One particularly interesting element of the energy transition is the growth of distributed generation. This is not a typical wind or utility scale solar project but rather commercial and industrial customers, which means smaller assets and it makes it hard to play those opportunities at the asset level. If you are going to do something of scale in distributed generation you need to be invested in a company and in control of its pipeline.
That opens the door to more platforms and corporate investments and not just assets. Of course, we directly constructed nearly 1.5GW of wind last year, so putting steel in the ground as a project-level sponsor remains critical to our value-add strategy.
What are the benefits of having a flexible capital mandate in today’s market?
KD: Flexible capital is a term that people frequently use to mean the ability to pivot within the capital structure. Ares is one of the leading credit managers globally, so that approach to investing is absolutely something with which we have deep experience.

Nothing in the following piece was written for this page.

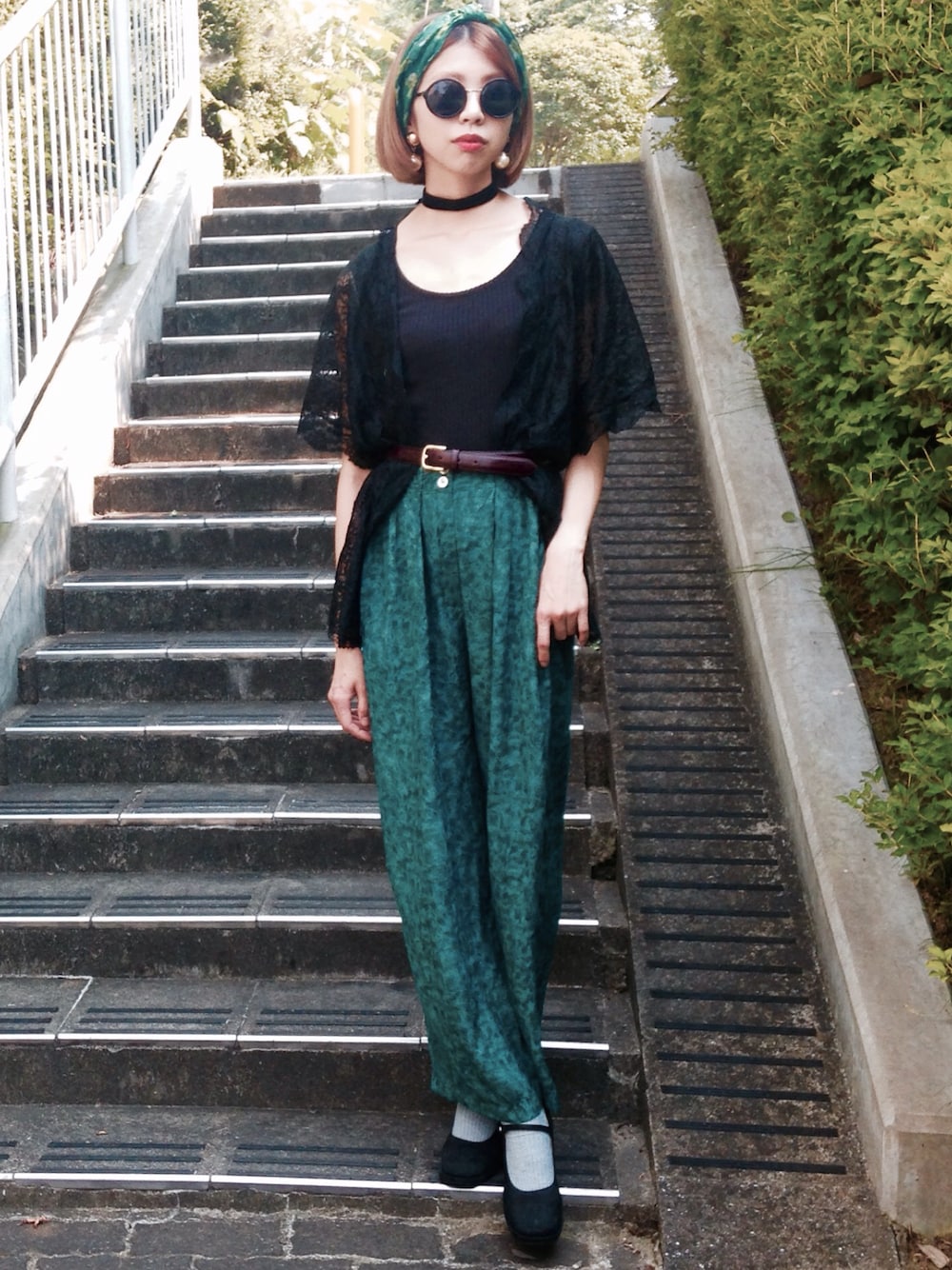 ribbon.vintage(smithandyou) Tshirt.GU gown.vintage pants.vintage shoes.used belt.AmericanApparel eyewear.forever21 Instagram→@moe0613

But for Ares Infrastructure Opportunities, we think about flexible capital a bit more broadly. It is essentially a three-dimensional, very dynamic investment strategy. As we just pointed out, we have the ability to invest in assets, projects, companies and platforms, to invest anywhere in the lifecycle of those investments and to invest anywhere in the capital structure. It creates an even larger market opportunity while also giving us a lot of opportunity for downside protection, value creation and alpha generation because of our ability to pick and choose our entry point.
With the influx of capital chasing opportunities related to the energy transition, what should LPs look for in a manager?
AP: The energy transition, climate and sustainable investing requires a dynamic strategy that is flexible in how it invests. The industry and the opportunity set will be different in three or four years to how it is today.
A manager needs to have experienced that kind of change and needs to have the flexibility to manage the opportunity set as it evolves. That, to me, is one of the most important components of fund management.
KD: It is about experience and discipline. Experience doesn’t mean just having invested through a bull market. You need somebody who has experience investing through cycles, who has seen commodity fluctuation, recession, inflation and interest rate movement and who understands how these macro events will impact markets.
Discipline is also incredibly important. I view the current market for energy transition as a little bit of a ‘kid in a candy store’ moment where you might want everything you see.
There is so much to consider and so many companies looking for capital. Our job is to work with what we believe to be the best management teams and companies, be patient and disciplined and be able to do repeat deal flow with businesses.